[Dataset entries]
*** Begin section ***
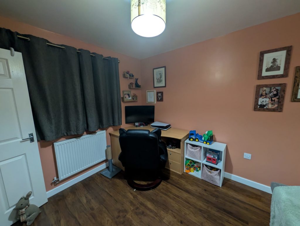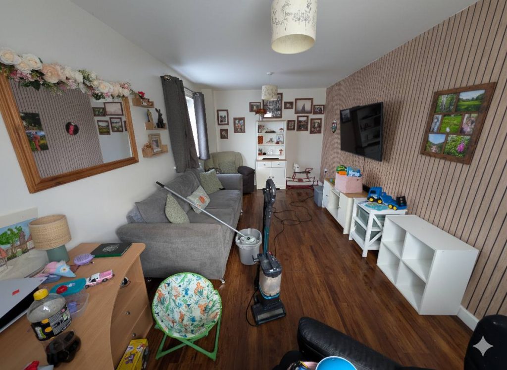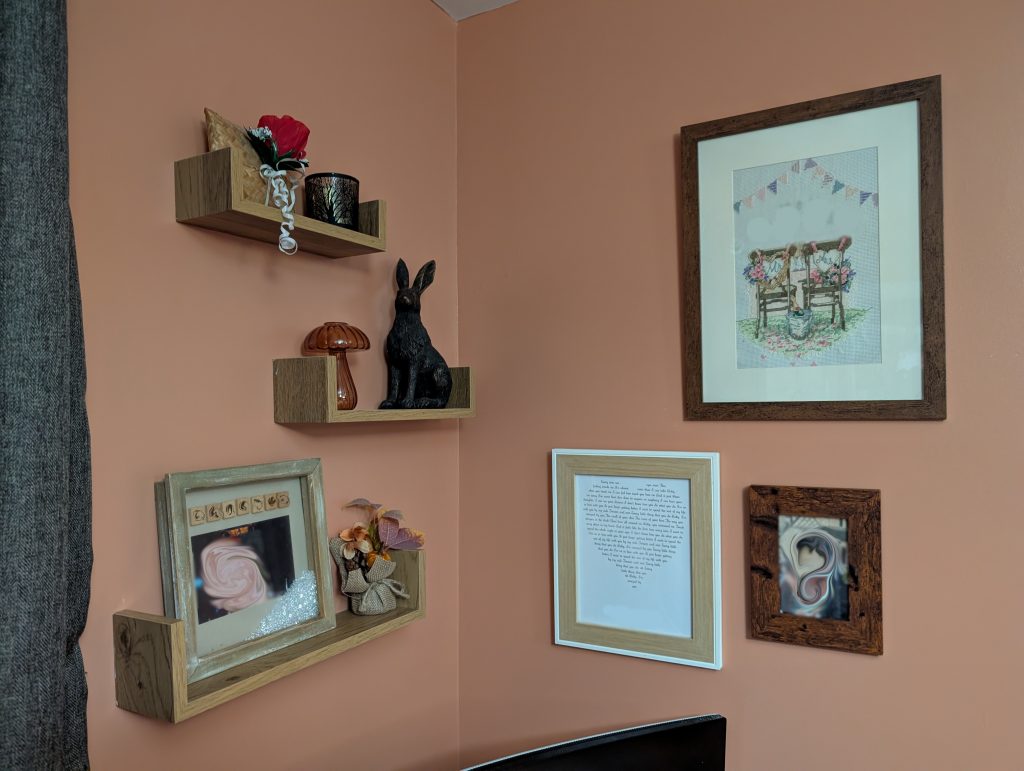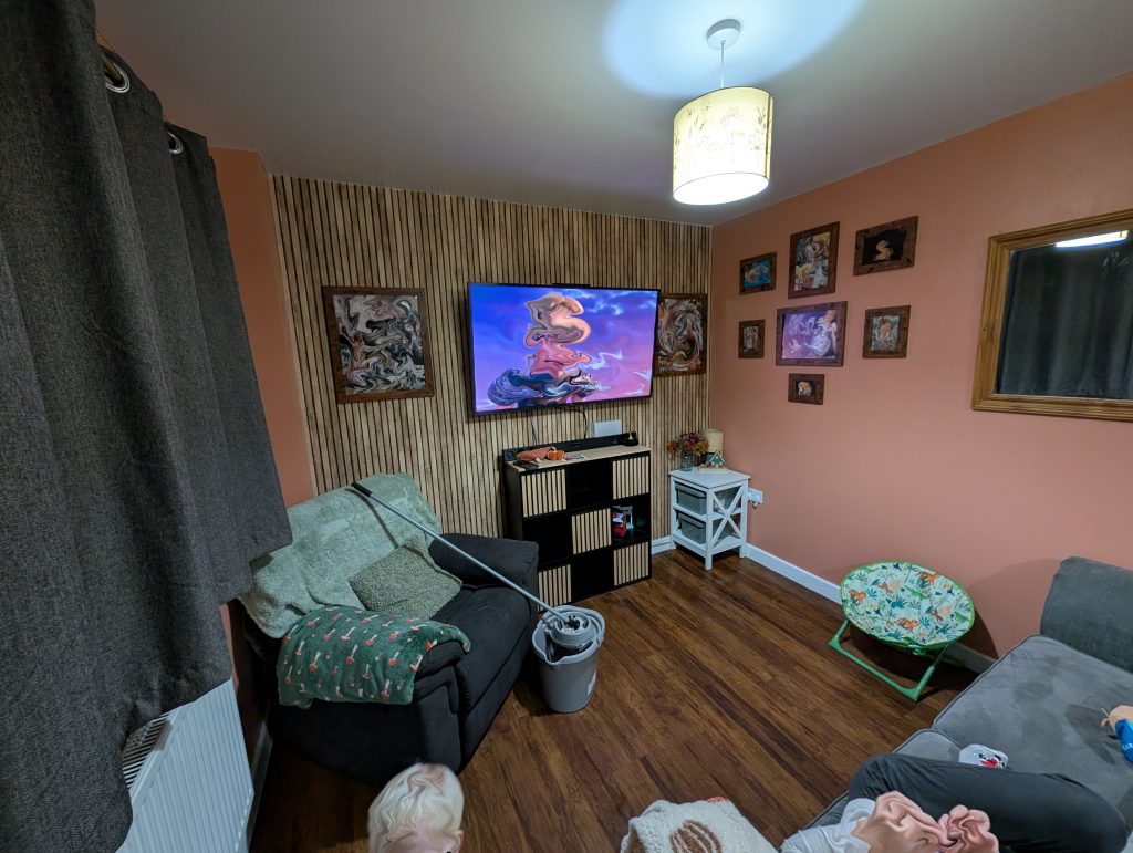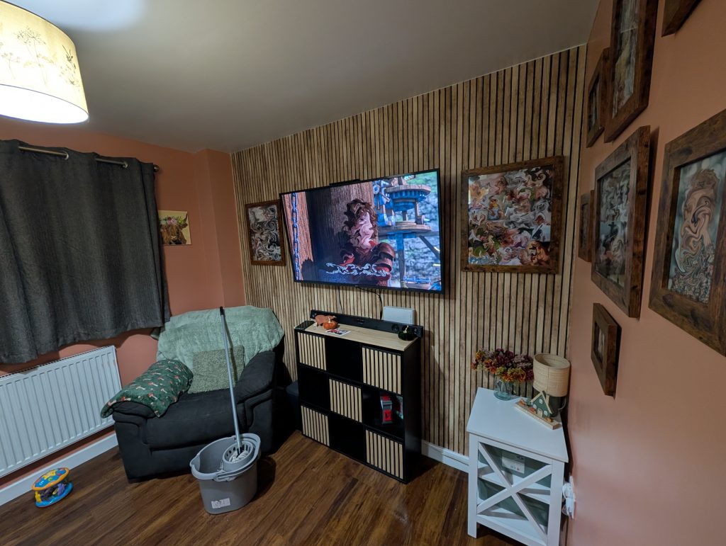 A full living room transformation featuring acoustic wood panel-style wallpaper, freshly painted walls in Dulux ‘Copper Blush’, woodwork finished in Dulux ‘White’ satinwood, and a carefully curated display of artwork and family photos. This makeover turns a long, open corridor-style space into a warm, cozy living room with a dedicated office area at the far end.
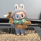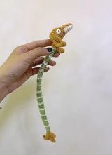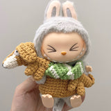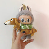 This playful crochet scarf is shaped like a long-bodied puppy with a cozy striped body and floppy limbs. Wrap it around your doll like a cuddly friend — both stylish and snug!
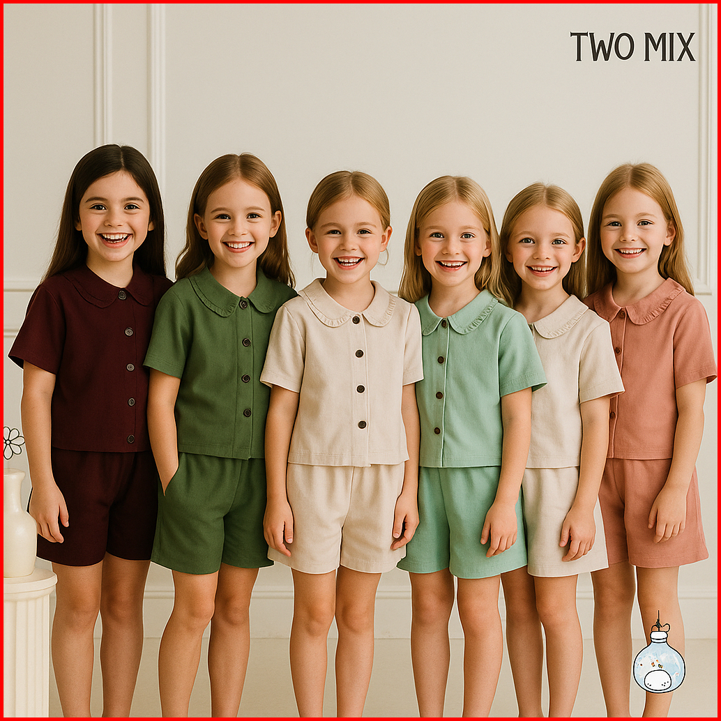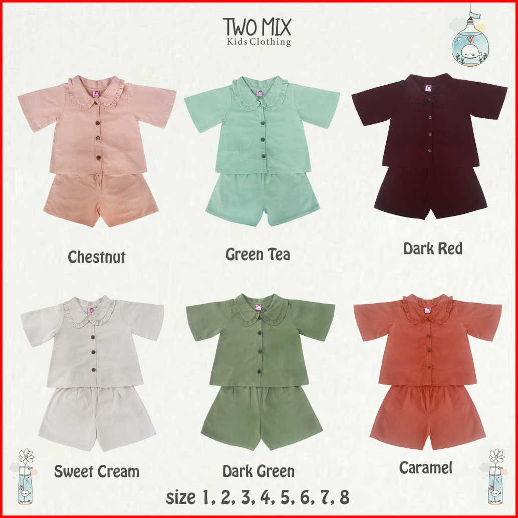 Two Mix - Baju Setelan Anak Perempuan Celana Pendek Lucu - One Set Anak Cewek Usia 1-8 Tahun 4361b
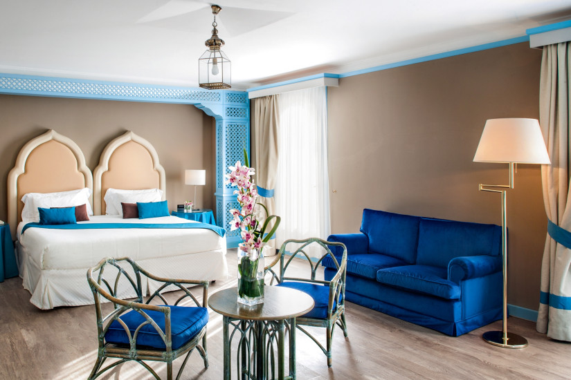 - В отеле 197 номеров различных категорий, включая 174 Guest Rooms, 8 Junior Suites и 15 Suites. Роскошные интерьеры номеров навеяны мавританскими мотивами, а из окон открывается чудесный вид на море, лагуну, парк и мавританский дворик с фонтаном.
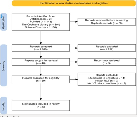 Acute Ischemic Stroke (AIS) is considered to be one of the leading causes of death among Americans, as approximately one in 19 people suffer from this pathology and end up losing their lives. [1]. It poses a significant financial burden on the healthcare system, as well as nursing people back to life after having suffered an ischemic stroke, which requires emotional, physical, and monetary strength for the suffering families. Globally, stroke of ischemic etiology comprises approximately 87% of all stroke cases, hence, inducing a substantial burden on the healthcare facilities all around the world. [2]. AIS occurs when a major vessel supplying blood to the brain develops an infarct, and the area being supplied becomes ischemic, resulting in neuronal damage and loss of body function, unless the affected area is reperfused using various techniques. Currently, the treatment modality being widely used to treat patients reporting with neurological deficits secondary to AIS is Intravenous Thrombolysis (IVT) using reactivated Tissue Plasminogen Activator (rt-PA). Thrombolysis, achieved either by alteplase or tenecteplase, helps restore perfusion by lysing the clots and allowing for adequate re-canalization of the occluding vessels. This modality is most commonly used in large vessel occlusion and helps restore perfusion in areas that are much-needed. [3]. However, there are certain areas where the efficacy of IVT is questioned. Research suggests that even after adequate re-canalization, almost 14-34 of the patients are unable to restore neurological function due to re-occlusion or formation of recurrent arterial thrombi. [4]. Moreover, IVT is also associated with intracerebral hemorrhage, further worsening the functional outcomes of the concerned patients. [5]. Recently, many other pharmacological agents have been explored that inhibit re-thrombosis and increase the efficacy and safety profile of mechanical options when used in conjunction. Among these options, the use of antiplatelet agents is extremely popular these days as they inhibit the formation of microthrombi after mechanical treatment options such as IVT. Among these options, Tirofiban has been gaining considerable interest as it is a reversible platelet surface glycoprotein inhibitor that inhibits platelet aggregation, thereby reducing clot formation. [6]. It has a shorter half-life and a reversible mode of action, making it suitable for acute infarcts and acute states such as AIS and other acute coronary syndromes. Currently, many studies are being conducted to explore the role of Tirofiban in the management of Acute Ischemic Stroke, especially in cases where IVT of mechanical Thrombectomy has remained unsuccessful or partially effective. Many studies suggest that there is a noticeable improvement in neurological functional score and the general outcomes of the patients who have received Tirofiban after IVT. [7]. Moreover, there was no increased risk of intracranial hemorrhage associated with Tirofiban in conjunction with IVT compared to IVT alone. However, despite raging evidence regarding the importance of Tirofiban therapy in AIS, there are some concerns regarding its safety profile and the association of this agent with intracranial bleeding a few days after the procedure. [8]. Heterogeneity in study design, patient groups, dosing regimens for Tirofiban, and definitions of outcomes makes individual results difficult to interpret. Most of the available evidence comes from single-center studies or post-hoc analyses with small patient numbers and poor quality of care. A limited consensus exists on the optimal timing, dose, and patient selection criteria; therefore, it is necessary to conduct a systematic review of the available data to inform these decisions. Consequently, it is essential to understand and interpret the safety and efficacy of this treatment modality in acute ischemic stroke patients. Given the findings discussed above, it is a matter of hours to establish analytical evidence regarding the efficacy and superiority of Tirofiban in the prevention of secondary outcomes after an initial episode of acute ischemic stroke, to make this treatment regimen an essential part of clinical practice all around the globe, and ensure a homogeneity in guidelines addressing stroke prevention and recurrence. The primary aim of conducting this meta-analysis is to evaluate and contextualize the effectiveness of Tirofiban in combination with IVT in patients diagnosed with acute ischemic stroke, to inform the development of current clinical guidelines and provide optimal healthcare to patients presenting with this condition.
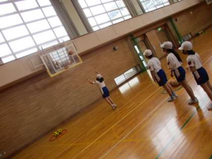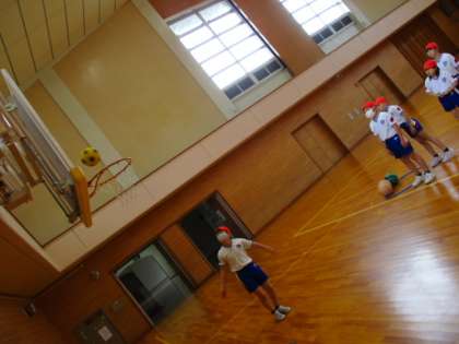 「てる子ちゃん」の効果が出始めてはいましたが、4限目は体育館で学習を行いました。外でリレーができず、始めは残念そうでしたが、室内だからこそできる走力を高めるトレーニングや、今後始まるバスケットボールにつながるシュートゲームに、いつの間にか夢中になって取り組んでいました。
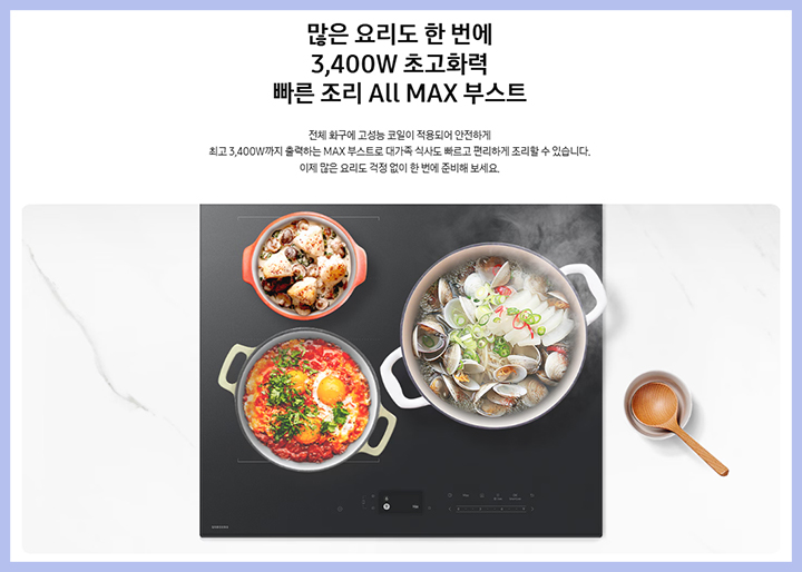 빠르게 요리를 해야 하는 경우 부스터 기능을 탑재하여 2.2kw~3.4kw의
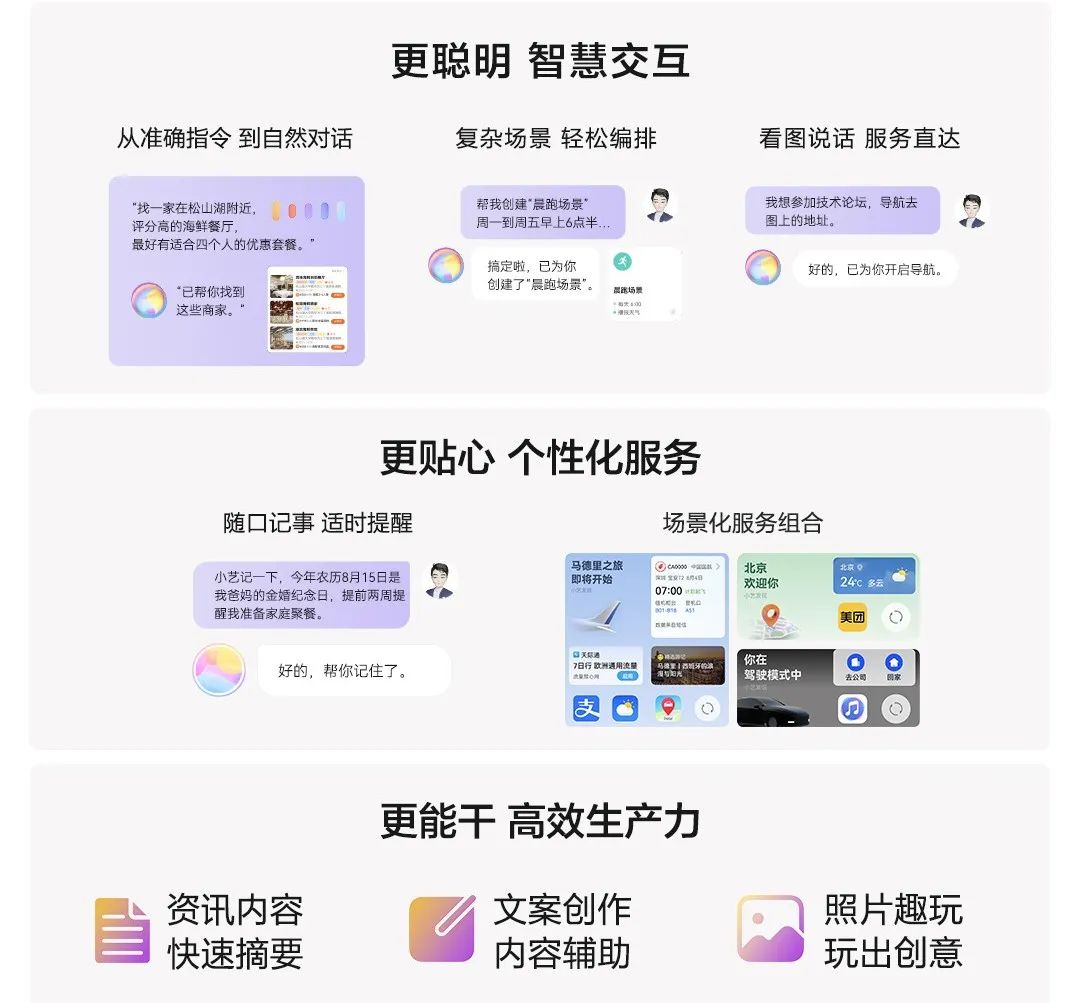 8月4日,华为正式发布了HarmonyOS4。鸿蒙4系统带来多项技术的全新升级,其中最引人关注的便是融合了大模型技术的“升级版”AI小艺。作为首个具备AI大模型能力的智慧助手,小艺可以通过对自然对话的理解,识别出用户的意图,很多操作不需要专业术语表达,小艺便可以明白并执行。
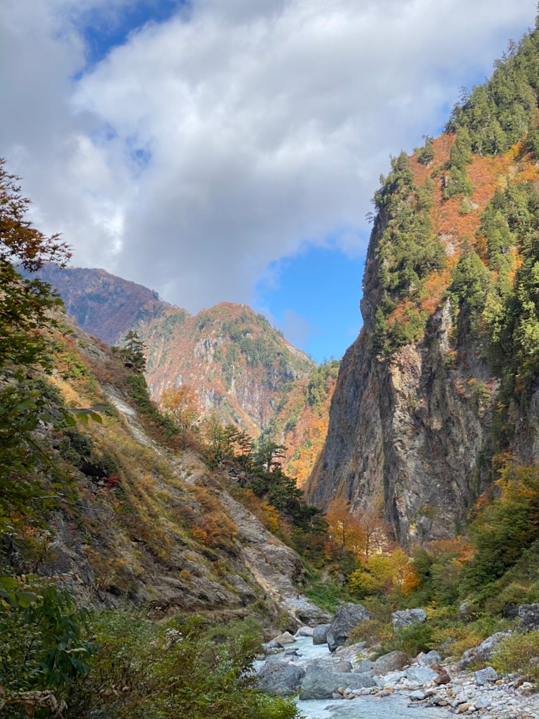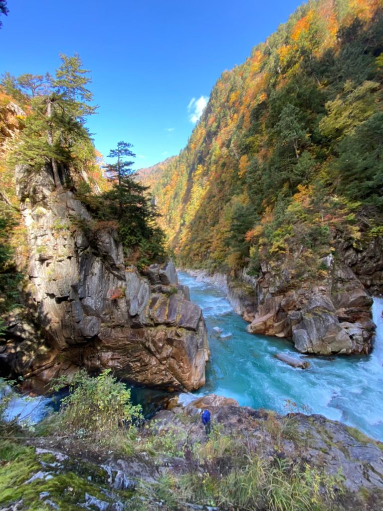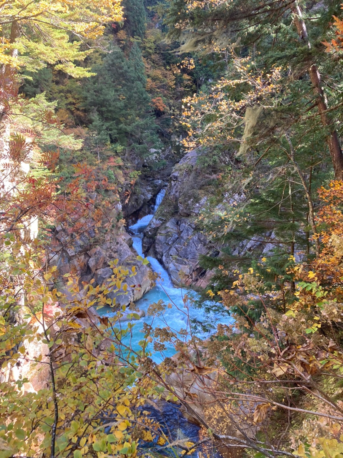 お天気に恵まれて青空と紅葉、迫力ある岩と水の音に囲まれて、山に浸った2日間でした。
*** End section ***
# WHAT THIS TASK INVOLVES:
Write out only the lines from the one that contains "빠르게 요리를 해야 하는 경우 부스터 기능을 탑재하여 2.2kw~3.4kw의" through the last line of the records above, both included, word for word and without the pictures.

# EXERCISE RESPONSE:
 빠르게 요리를 해야 하는 경우 부스터 기능을 탑재하여 2.2kw~3.4kw의
 8月4日,华为正式发布了HarmonyOS4。鸿蒙4系统带来多项技术的全新升级,其中最引人关注的便是融合了大模型技术的“升级版”AI小艺。作为首个具备AI大模型能力的智慧助手,小艺可以通过对自然对话的理解,识别出用户的意图,很多操作不需要专业术语表达,小艺便可以明白并执行。
 お天気に恵まれて青空と紅葉、迫力ある岩と水の音に囲まれて、山に浸った2日間でした。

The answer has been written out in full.